An asset's carrying amount is written down immediately to its recoverable amount if, and only if, the recoverable amount of an asset is less than its carrying amount and an impairment loss shall be recognized immediately in the Standalone Statement of Profit and Loss. Gains and losses on disposals are determined by comparing proceeds with carrying amount. These are included in the Standalone Statement of Profit and Loss within other gains/ losses.
(p) Investment Properties
Property that is held for long term rental yields or for capital appreciation or both, and is not occupied by the Company, is classified as investment property. Investment property is measured initially at its cost, including related transaction costs and where applicable borrowing costs.
Subsequent expenditure is capitalized to the asset's carrying amount only when it is probable that future economic benefits associated with the expenditure will flow to the Company and the cost of the item can be measured reliably. All other repairs and maintenance cost are charged to Statement of Profit and Loss during the reporting period in which they are incurred. When part of an investment property is replaced, the carrying amount of the replaced cost is derecognized.
Investment properties are depreciated using straight line method over the estimated useful lives.
On transition to Ind AS, the group has elected to continue with the carrying value of its investment properties measured at the previous GAAP and use that carrying value as the deemed cost of investment properties.
(q) Intangible Assets
Intangible Assets are stated at cost of acquisition net of accumulated amortisation and accumulated impairment, if any.
An asset’s carrying amount is written down immediately to its recoverable amount if the asset's carrying amount is greater than its estimated recoverable amount.
Gains and losses on disposals are determined by comparing proceeds with carrying amount.

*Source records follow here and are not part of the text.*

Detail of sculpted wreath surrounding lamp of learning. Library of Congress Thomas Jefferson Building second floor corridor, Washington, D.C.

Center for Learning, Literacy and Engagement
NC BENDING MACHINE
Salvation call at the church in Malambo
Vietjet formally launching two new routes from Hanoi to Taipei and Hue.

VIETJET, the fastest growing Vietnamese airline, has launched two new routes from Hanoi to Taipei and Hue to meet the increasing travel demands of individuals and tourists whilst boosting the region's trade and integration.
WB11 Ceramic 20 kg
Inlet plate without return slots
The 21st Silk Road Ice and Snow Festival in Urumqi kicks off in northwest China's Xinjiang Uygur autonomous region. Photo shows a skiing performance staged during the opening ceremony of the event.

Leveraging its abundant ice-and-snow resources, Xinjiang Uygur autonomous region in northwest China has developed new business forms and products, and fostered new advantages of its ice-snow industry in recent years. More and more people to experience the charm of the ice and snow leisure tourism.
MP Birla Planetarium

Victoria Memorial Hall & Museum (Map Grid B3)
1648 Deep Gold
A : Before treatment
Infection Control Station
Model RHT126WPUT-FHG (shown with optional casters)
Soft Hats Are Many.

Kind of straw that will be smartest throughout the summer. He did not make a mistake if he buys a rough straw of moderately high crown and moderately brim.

These are included in the Statement of Profit and Loss.
On transition to Ind AS, the Company has elected to continue with the carrying value of its intangible assets measured at the previous GAAP and use that carrying value as the deemed cost of intangible assets.”
(i) Computer Software
Costs incurred on computer software resulting in future economic benefits are capitalized as Intangible Assets.
Intangible Assets acquired are measured on initial recognition at cost. The cost of intangible assets acquired in a business combination is their fair value at the date of acquisition. Following initial recognition, intangible assets are carried at cost less any accumulated amortisation and accumulated impairment losses.

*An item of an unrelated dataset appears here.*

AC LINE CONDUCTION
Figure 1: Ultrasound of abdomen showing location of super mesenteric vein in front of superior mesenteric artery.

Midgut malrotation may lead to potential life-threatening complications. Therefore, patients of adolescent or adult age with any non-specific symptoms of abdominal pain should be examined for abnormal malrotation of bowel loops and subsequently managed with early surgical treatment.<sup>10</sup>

Costs associated with maintaining software programs are recognised as an expense as incurred. Cost of purchased software are recorded as intangible assets and amortised from the point at which the asset is available for use.
(ii) Research and Development
Expenditure on Research and Development that does not meet the criteria laid out in the standard are recognized as expenses as and when incurred. Development costs previously recognized as an expense are not recognized as an asset in subsequent period.
Development costs are recognised as intangible assets when the following criteria are met:
1. it is technically feasible to complete the intangible asset so that it will be available for use,
2. management intends to complete the intangible asset and use or sell it,
3. there is an ability to use or sell the intangible asset,
4. it can be demonstrated how the intangible asset will generate probable future economic benefits,
5. adequate technical, financial and other resources to complete the development and to use or sell the intangible asset are available, and
6. the expenditure attributable to the intangible asset during its development can be reliably measured.
Capitalised development costs are recorded as intangible assets and amortised from the point at which the asset is available for use.
(iii) Amortisation methods and periods
Computer software is amortized on a straight-line basis over a period of three years.
Gains and losses on disposals are determined by comparing proceeds with carrying amounts. These are included in the Standalone Statement of Profit and Loss within other gains/ losses.
(r) Trade and Other Payables
These amounts represent liabilities for goods and services provided to the Company prior to the end of financial year which are unpaid. The amounts are unsecured. Trade and other payables are presented as current liabilities unless payment is not due within 12 months after the reporting period. They are recognized initially at their fair value and subsequently measured at amortised cost using the effective interest method.
(s) Borrowings
Borrowings are initially recognized at fair value, net of transaction costs incurred. Borrowings are subsequently measured at amortised cost. Any difference between the proceeds (net of transaction costs) and the redemption amount is recognized in profit and loss over the period of borrowings using the effective interest method.
Preference Shares, which are mandatorily redeemable on a specific date, are classified as liabilities. The dividends on these Preference Shares are recognized in the Standalone Statement of Profit and Loss as finance costs.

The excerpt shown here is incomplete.